If you’ve decided that you want your condescending habit to be over, then compassion is the thing that it should be replaced with. Compassion is the nemesis of condescension; it’s about displaying tender understanding, rather than arrogant judgment. As humans, we all suffer a great deal, and we’d do well to remember this fact when we’re casting judgment on another person’s choices. Everyone is just trying to do the best they can with the cards they’ve been dealt. Even if you’re supremely confident in their failure to make good choices, treating them with condescension helps neither one of you. The few bad choices that are apparent may be concealed by a treasure-trove of good ones, and unless you can display the exquisite compassion required to love your fellow humans, you’ll never find out about them. We must assume that everyone we meet is better than us in some way.

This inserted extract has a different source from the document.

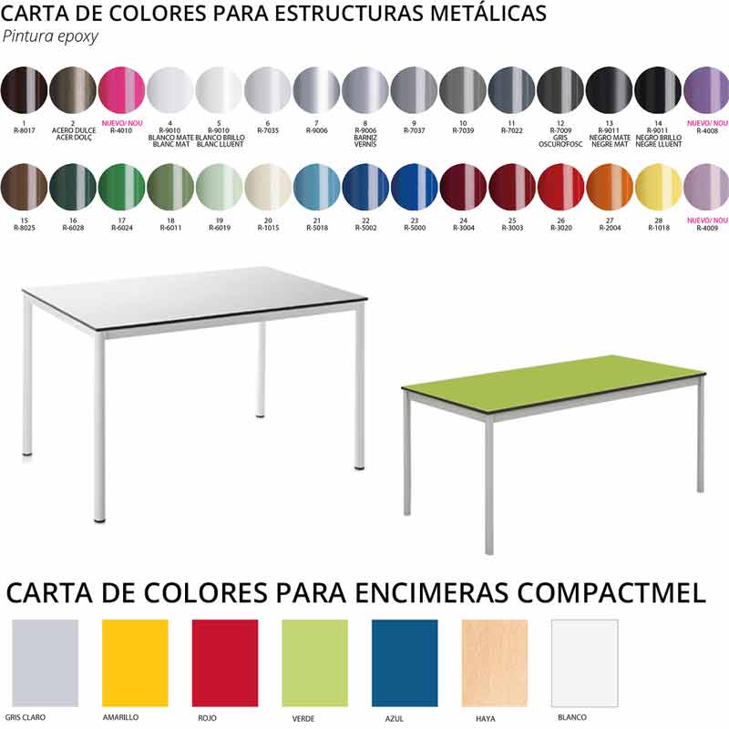 - Tablero en compactmel de 12mm, con cantos redondeados, disponible en 7 colores.

“In my walks, every man I meet is my superior in some way, and in that I learn from him.” — Ralph Waldo Emerson

It’s helpful to remember that we often have little control over the choices that we make. Vowing to lose 10 kilos usually doesn’t result in us losing 10 kilos. Our willpower has a tendency to be pitifully inept. Casting aspersions on people’s choices is especially callous when considering this fact, not to mention hypocritical.

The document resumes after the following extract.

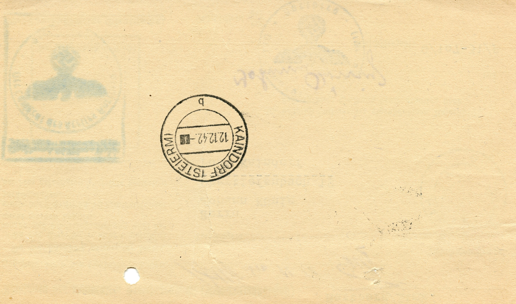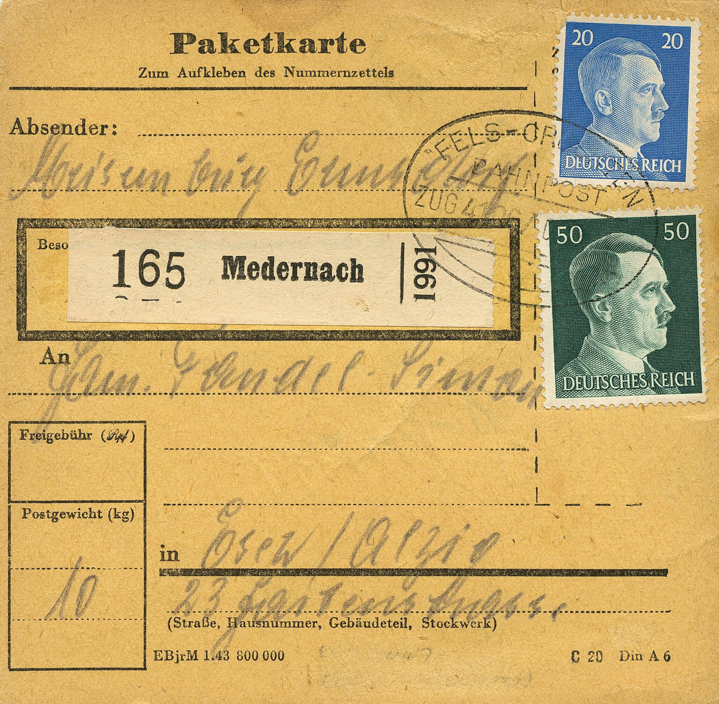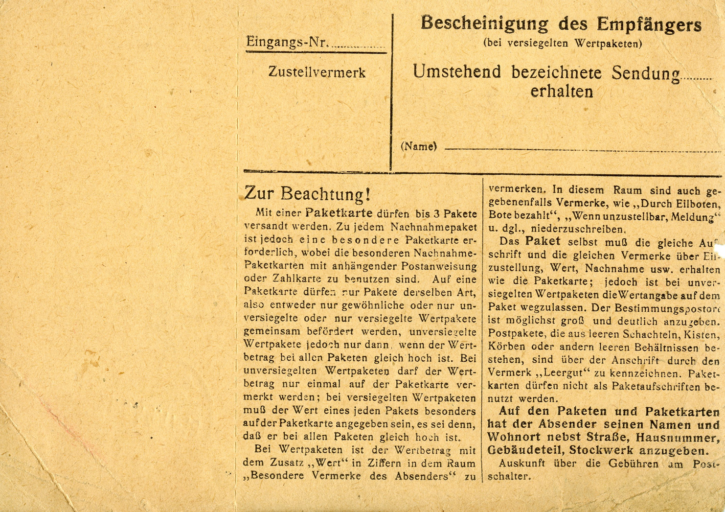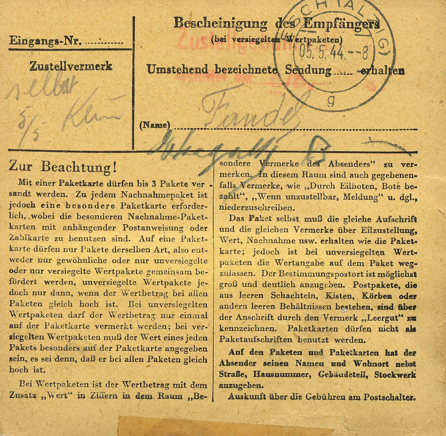 [Below: This is a parcel receipt, from Chemnitz, March 21, 1944.]

Another reason to be compassionate about the apparent failings of others is the amount of terrible and easily-accessible information in the world. Some bad choices are made from a totally warped view of what will make you happy; of what is valuable. Some poor souls may live their entire lives acting out poisonous beliefs, with zero capacity or understanding on how to improve their situation. You simply can’t find good information if you don’t know how to.

There’s also our culture to consider, a powerful motivating force that can shape negative behaviours. Noxious celebrity magazines are plastered with images of stick-thin, perfectly-chiseled stars who become role models for impressionable everyday people. Is it really surprising that they will do whatever necessary to emulate the richest, most successful people on the planet? A culture doesn’t have the best interests of its people at heart, despite its potential to influence our choices. Looking down on a girl who injects her face with botox might seem justified, until you consider her a sufferer of society. And even then, what makes you so arrogant to decide that she’s making a bad choice?

We must learn to replace our condescension with a more caring, compassionate understanding. Don’t be so cocky to assume that your beliefs always reflect reality – that probably isn’t the case. Consistently challenging your beliefs and updating them will imbue you with guru-like wisdom, and the accompanying compassion that you exhibit will create long-lasting bonds with those around you.